Shane Fitzsimmons tells a story from the hideous black summer of 201920. He and the NSW Premier were visiting a community just south of Batemans Bay. “As we were leaving,” the former NSW Rural Fire Service Commissioner recalls, “a lady came up to the Premier and said, ‘We’ve got no communication here and I have family who will be worried about me,’ and while she was speaking, others standing around said that they were in the same situation too.” So Gladys collected their phone numbers, and “as soon as we got back into mobile range, there she was in the back seat of the car and you could hear her on the phone: ‘Oh hello, it’s Gladys Berejiklian here. Yes, I am the Premier, but I’ve just been with such-and-such and they wanted me to give you a call and let you know that they’re doing okay.’”

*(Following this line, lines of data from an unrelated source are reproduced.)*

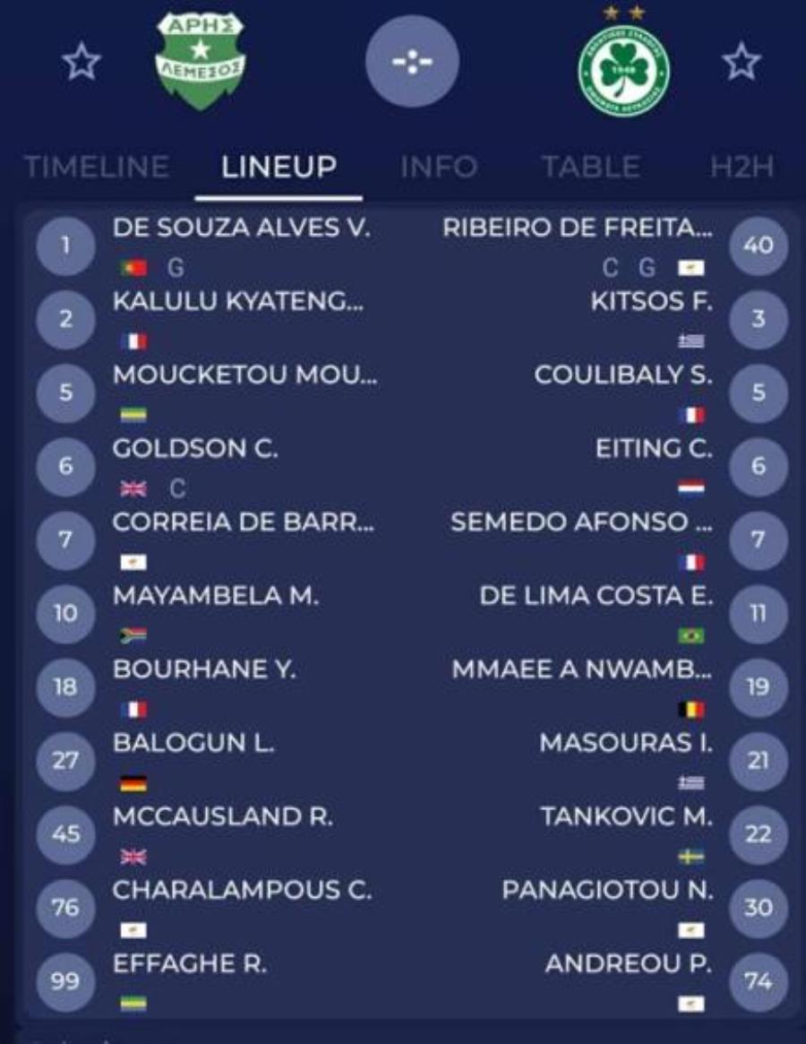 Στον πάγκο: Φοδέριγχαμ, Σωφρονίου, Λέλε, Κοκόριν, Γκομίς, Σανέ, Γιαγκό, Γκουστάβο, Μοντνόρ, Κακουλλής, Ακάμπα,
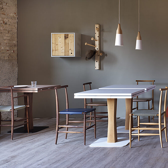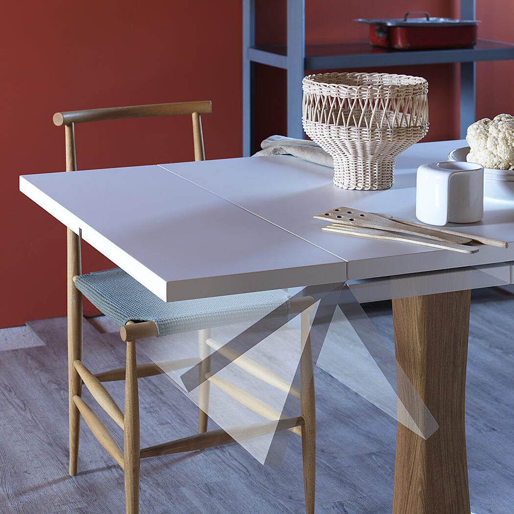 Gualtiero Plus Extension Table is an iconic yet practical dining table designed for smaller, more intimate spaces. This stylish table glides into the apartment with its many top and base options.
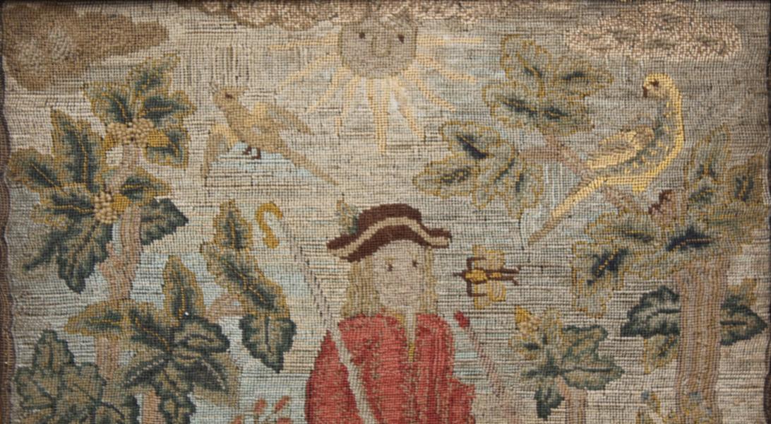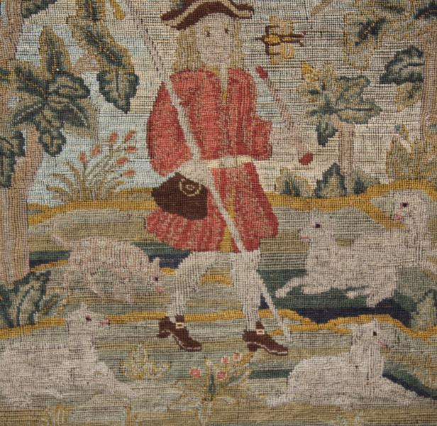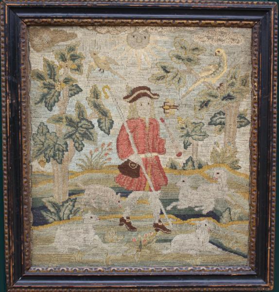 Maybe it because i'm a Shepherd now, that I love this early 18th century tent stitch needlework of a very smart Shepherd with handbag ! and flute, the Sun smiling down, on his well behaved flock.
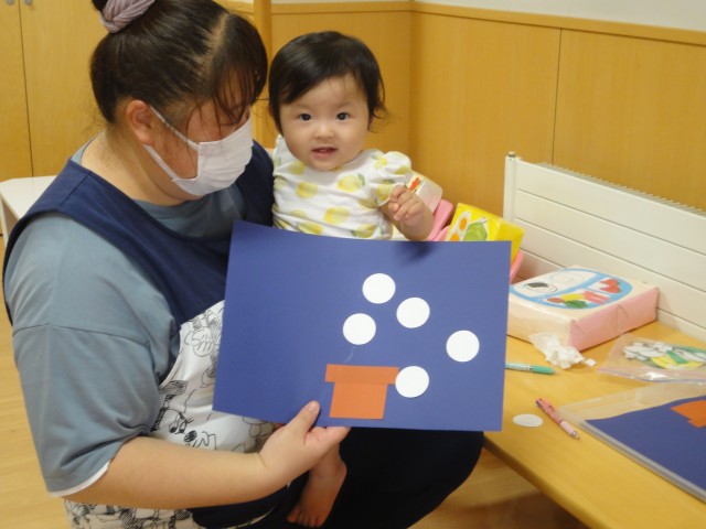 今日は、どんよりとした曇り空。どのクラスも園内で制作をしたりして過ごしていました。つくしさんでは、しばらくお休みをしていたお友だちが、足型を取っていました。なんだか楽しそうで良かったです。つぼみさんも、お月見団子の制作をしていました。自分で考えて貼っていて、すごいなぁと感心しました。
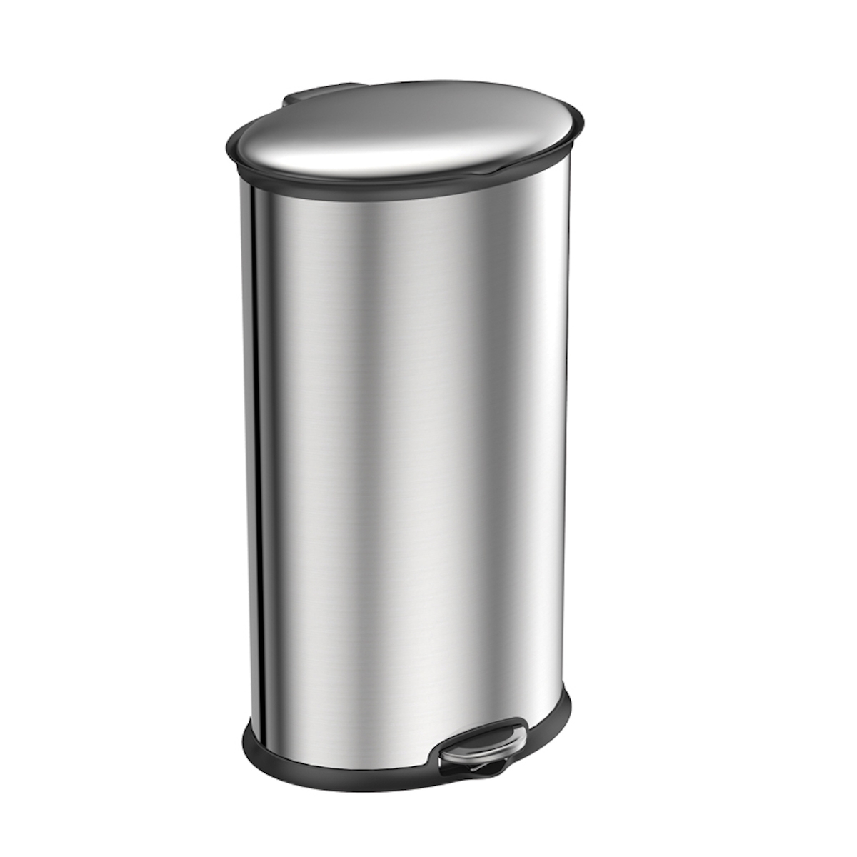 PROREGAL Modern designter Abfallsammler aus gebürstetem Edelstahl | 30 Liter, HxBxT66,5x40x25,2cm | Silber
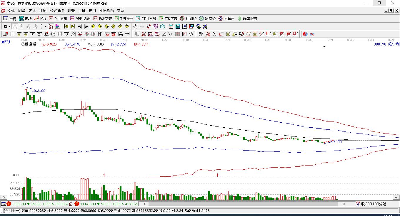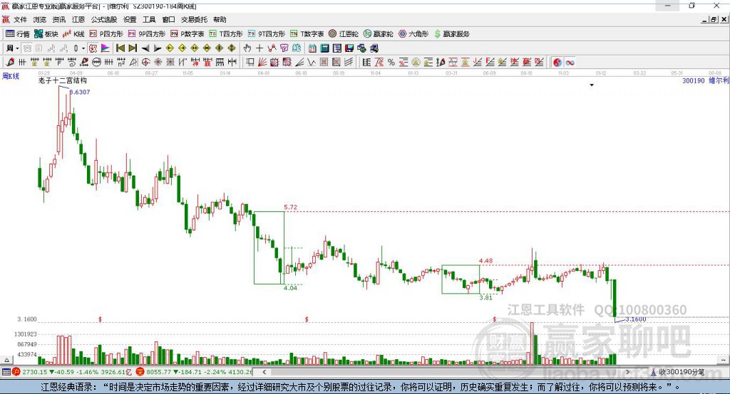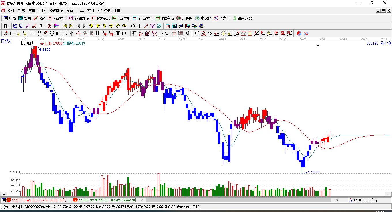 300190維爾利處于贏家江恩多頭主線形態(tài),1月14日發(fā)出江恩筑頂信號后,經過6日,今日再次發(fā)出江恩底分型并發(fā)出江恩筑底信號,中期雖然處于回調中,但長期多頭趨勢延續(xù)。維爾利今日低開,截止目前微漲0.8

Shane chuckles with genuine affection. It was a classic Gladys moment – calling into play the winning combination of diligence and concern that earned her the trust of the state during that terrifying fire season and then the pandemic.
“There were,” Gladys says with characteristic understatement, “a lot of difficult days that summer,” driving up and down the coast, looking trauma in the eye, sweating on the lives of firefighters, farmers, people in blazing towns.
“There would be times when Commissioner Fitzsimmons would let me know that there were fire crews missing or people in houses who weren’t accounted for,” she remembers. “There were some frightening moments. The first day of the year was confronting. Commissioner Fitzsimmons and I went to Malua Bay and there were people who had fled for their lives just hours before and gone to the evacuation centre. It was chaotic.”
Then there was the rebuild, which is immense and ongoing. It will, Gladys says, take years. She recently visited fire-affected communities again, more than a year on, and says that “for those people who have been impacted, it’s still very real, very raw. It’s like losing a loved one – everyone else moves on and you’re still grieving.”
Gladys will never forget a certain date: January 25 last year. The smoke had barely cleared from the summer’s firestorms – in some places it hadn’t – when Australia’s first case of COVID-19 was confirmed in Victoria. Again, the level-headed Premier rallied. She put a crisis team in place because “as horrible as the bushfires were,” she says, “they’d taught me the importance of having a whole-of-government response.’”
Those were testing times. Initially, fears the virus would take hold as fiercely as it had in Europe looked set to be realised. The Ruby Princess was inexplicably allowed to dock in Sydney Harbour and release its passengers on March 19 – an event ultimately linked to almost 900 cases of COVID-19 and 28 deaths. Then COVID ran rampant through NSW nursing homes, killing 28 elderly residents – it was nothing like Victoria’s 655 aged care deaths, but it was heartbreaking for the families involved, as was the separation of the elderly from their families during lockdown. During the statewide lockdown, Gladys fronted the cameras daily. Small, wiry, wide-eyed and determined, even when she had bad news to deliver, she gave the impression that the state was in safe hands.
She knew that every decision she made would be critical but she didn’t flinch, and at the end of the day, her own conscience was her toughest critic.
“I made a decision to say: this is life and death; I don’t really care what people think; I’m just going to do what I know is right … Everybody has an opinion, everyone is telling you how to do your job. I knew the people I could trust and should take advice from, and I thought, ‘The buck stops with me’ … You know the saying, dance like nobody’s watching? I wanted to lead like nobody was watching. I didn’t want to look back and regret any decision I’d made based on fear or what people might say.”
Behind the scenes, Gladys had personal worries too: for friends and family living in Armenia who’d contracted the virus, and for her mother, Arsha, who is 81, and her father Krikor, 88.